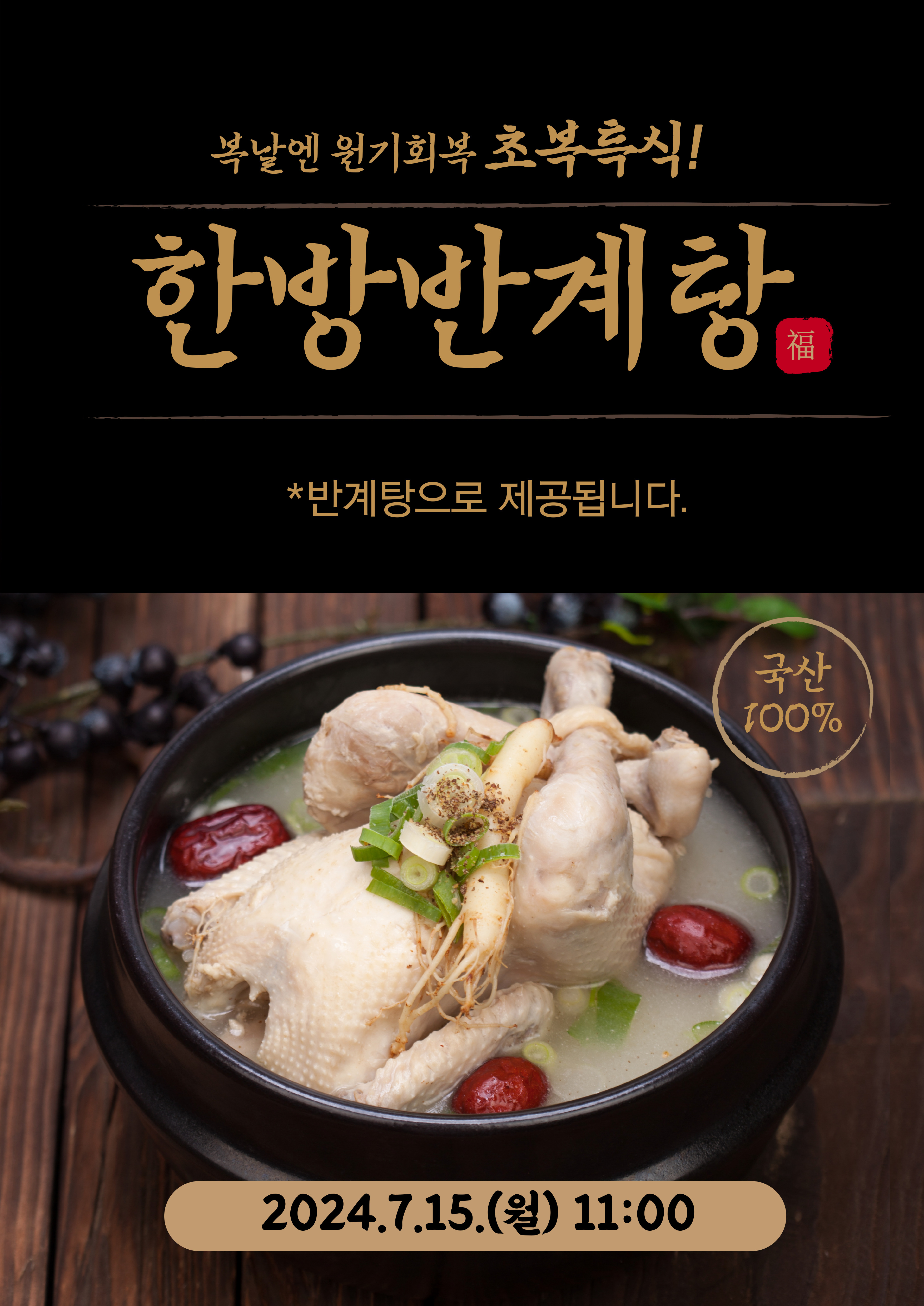 경로식당사업 7월 한방반계탕 특식 페이지 정보 작성자 복지관 작성일24-07-08 09:46 조회수333 본문 동구노인복지관 경로식당사업에서는 무료급식 및 실비급식을 이용하시는 어르신들에게 초복특식으로 한방반계탕 메뉴를 준비했습니다. 목록 답변 이전글 경로식당사업 7월 한방보쌈 특식 24.07.08 다음글 경로식당사업 7월 짜장면 특식 24.07.08
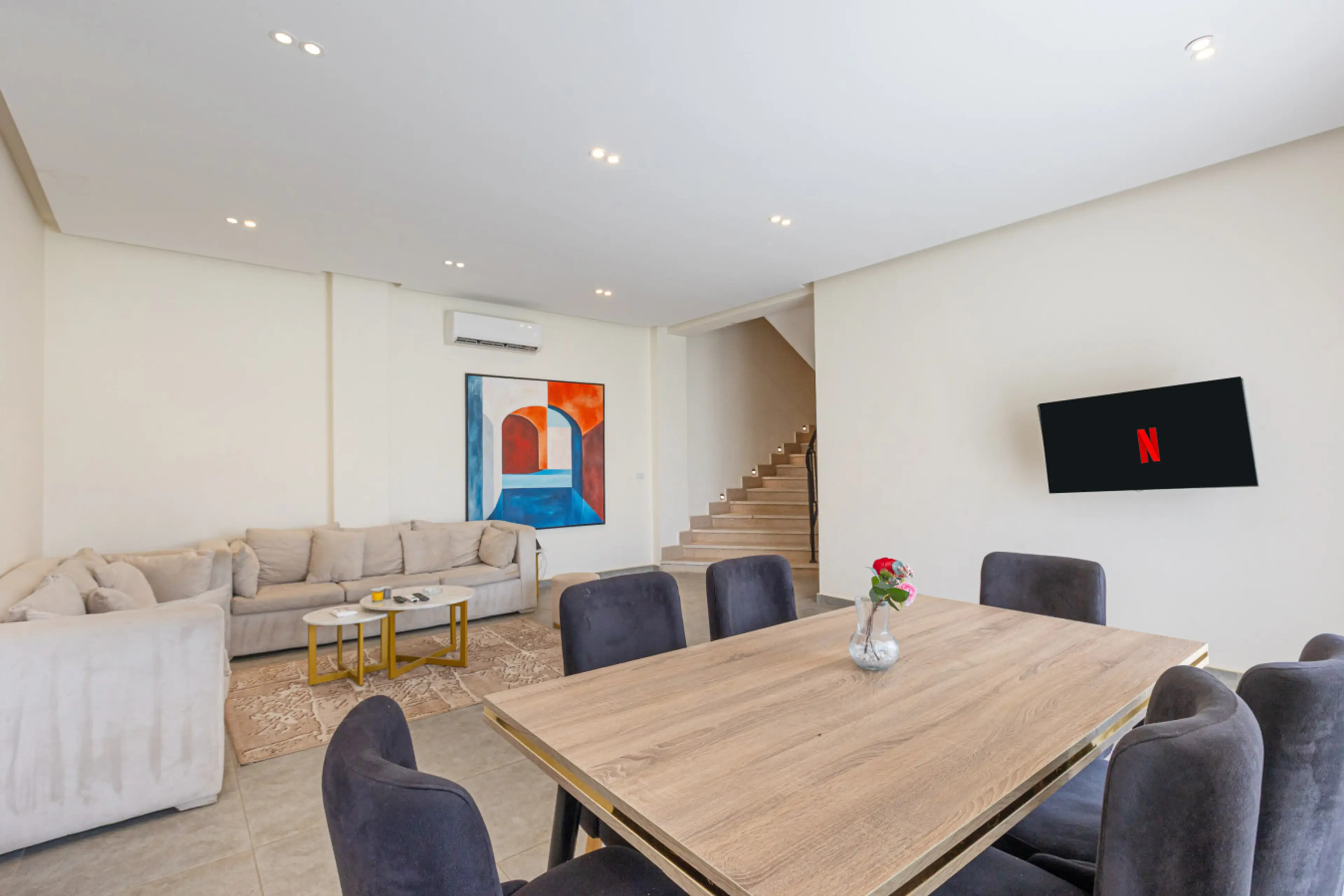 Welcome to 4BR Golden Pool Villa in GoldenGates Compound,Mokattam! This luxurious retreat accommodates up to 8 guests with 4 bedrooms (3 king beds, 2 single beds) and 4 bathrooms. Enjoy a private swimming pool, 130 sqm garden, and a rooftop balcony with serene views. The villa features a stylish liv...
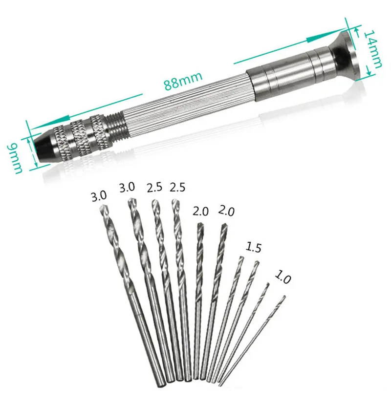 Ручная дрель из алюминиевого сплава, 1,0-3,0 мм, ручное сверление, развертка, сверление сделай сам, для изготовления украшений вручную, сверление по дереву, 1 комплект
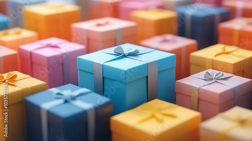 A colorful display of gift boxes stacked together, showcasing vibrant hues and decorative ribbons.
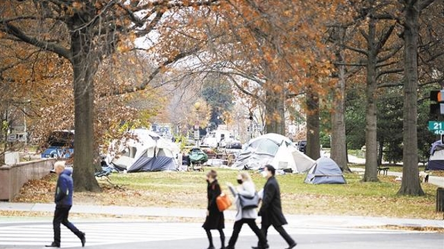 12月8日,在美國華盛頓,行人經(jīng)過無家可歸者居住的帳篷?!?a href="http://www.ynckhj.com/content/2021-12/11/content_962080.html" target="_blank" >[詳細(xì)]
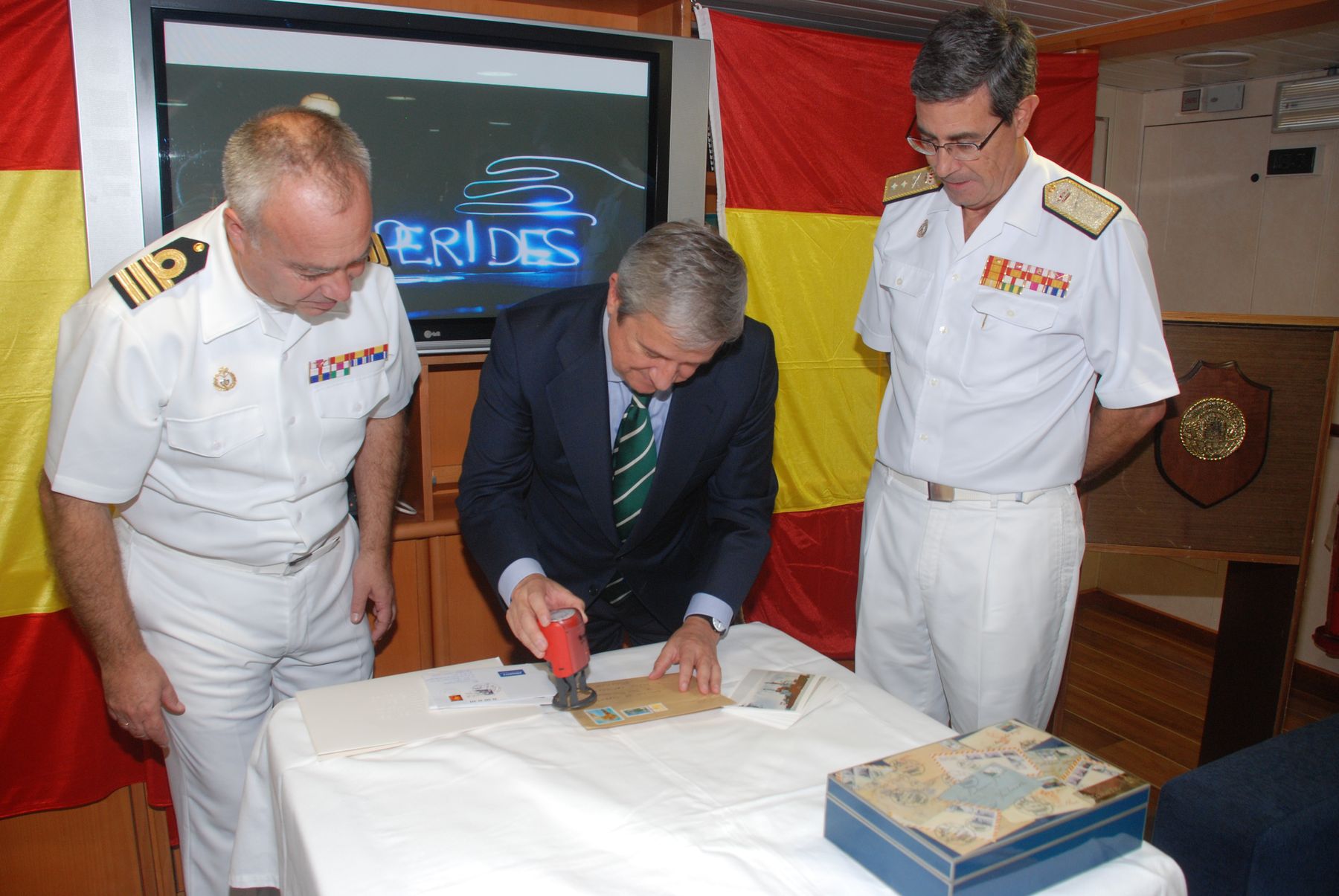 Reproduzco una fotografía donde aparecen, de izquierda a derecha, el Presidente de Correos, el Subsecretario de Fomento, y el Presidente de la Fábrica Nacional de Moneda y Timbre-Real Casa de la Moneda (FNMT-RCM), sosteniendo cada uno el sobre con los sellos, una vez estampado, por ellos mismos, el matasellos de presentación.

*****

### [INSTRUCTIONS TO FOLLOW]
None of the pictures should appear; repeat the records exactly otherwise.

### [ANSWER FOR THE TASK]
 경로식당사업 7월 한방반계탕 특식 페이지 정보 작성자 복지관 작성일24-07-08 09:46 조회수333 본문 동구노인복지관 경로식당사업에서는 무료급식 및 실비급식을 이용하시는 어르신들에게 초복특식으로 한방반계탕 메뉴를 준비했습니다. 목록 답변 이전글 경로식당사업 7월 한방보쌈 특식 24.07.08 다음글 경로식당사업 7월 짜장면 특식 24.07.08
 Welcome to 4BR Golden Pool Villa in GoldenGates Compound,Mokattam! This luxurious retreat accommodates up to 8 guests with 4 bedrooms (3 king beds, 2 single beds) and 4 bathrooms. Enjoy a private swimming pool, 130 sqm garden, and a rooftop balcony with serene views. The villa features a stylish liv...
 Ручная дрель из алюминиевого сплава, 1,0-3,0 мм, ручное сверление, развертка, сверление сделай сам, для изготовления украшений вручную, сверление по дереву, 1 комплект
 A colorful display of gift boxes stacked together, showcasing vibrant hues and decorative ribbons.
 12月8日,在美國華盛頓,行人經(jīng)過無家可歸者居住的帳篷?!?a href="http://www.ynckhj.com/content/2021-12/11/content_962080.html" target="_blank" >[詳細(xì)]
 Reproduzco una fotografía donde aparecen, de izquierda a derecha, el Presidente de Correos, el Subsecretario de Fomento, y el Presidente de la Fábrica Nacional de Moneda y Timbre-Real Casa de la Moneda (FNMT-RCM), sosteniendo cada uno el sobre con los sellos, una vez estampado, por ellos mismos, el matasellos de presentación.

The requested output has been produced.